• [Goal of the exercise]: Copy out exactly, from the entries that follow, the line holding "HORACINA MARIE URSULA", the line holding "Garlands don’t have", and all lines between them, but no pictures.

• [Information provided]:
[Start of section]
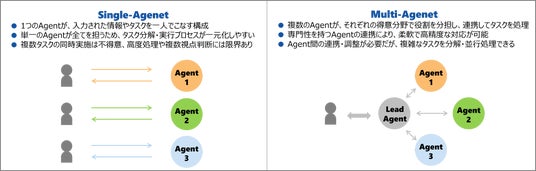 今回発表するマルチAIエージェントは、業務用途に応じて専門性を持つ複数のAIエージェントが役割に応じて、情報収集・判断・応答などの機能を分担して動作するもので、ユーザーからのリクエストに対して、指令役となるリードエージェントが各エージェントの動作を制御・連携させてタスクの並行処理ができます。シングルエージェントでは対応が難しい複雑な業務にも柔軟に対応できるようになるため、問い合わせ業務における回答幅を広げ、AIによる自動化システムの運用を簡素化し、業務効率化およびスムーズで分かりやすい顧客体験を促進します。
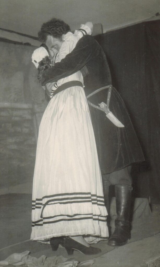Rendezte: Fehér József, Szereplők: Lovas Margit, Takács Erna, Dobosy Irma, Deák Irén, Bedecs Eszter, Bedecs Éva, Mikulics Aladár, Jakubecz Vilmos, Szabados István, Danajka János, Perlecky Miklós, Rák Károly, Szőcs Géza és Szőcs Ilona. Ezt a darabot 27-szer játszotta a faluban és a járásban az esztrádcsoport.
[End of section]
[Start of section]
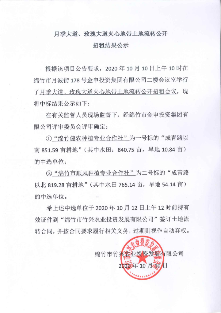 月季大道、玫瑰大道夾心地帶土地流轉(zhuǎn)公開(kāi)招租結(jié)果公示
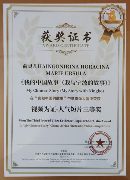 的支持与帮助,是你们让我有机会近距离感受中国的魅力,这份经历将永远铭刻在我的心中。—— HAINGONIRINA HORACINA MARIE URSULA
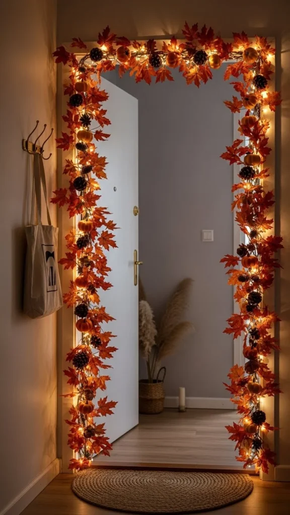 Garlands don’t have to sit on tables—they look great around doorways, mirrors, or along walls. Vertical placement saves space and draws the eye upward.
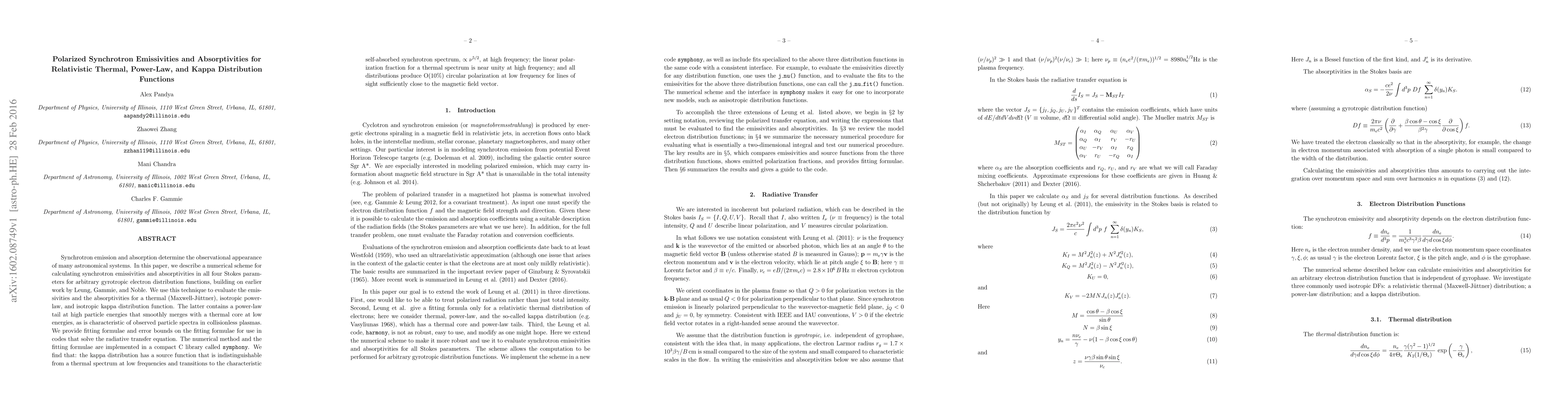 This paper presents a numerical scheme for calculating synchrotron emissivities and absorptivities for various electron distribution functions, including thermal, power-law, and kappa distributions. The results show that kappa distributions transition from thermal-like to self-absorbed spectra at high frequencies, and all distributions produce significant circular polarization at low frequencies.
[End of section]
• [Exercise solution]:
 的支持与帮助,是你们让我有机会近距离感受中国的魅力,这份经历将永远铭刻在我的心中。—— HAINGONIRINA HORACINA MARIE URSULA
 Garlands don’t have to sit on tables—they look great around doorways, mirrors, or along walls. Vertical placement saves space and draws the eye upward.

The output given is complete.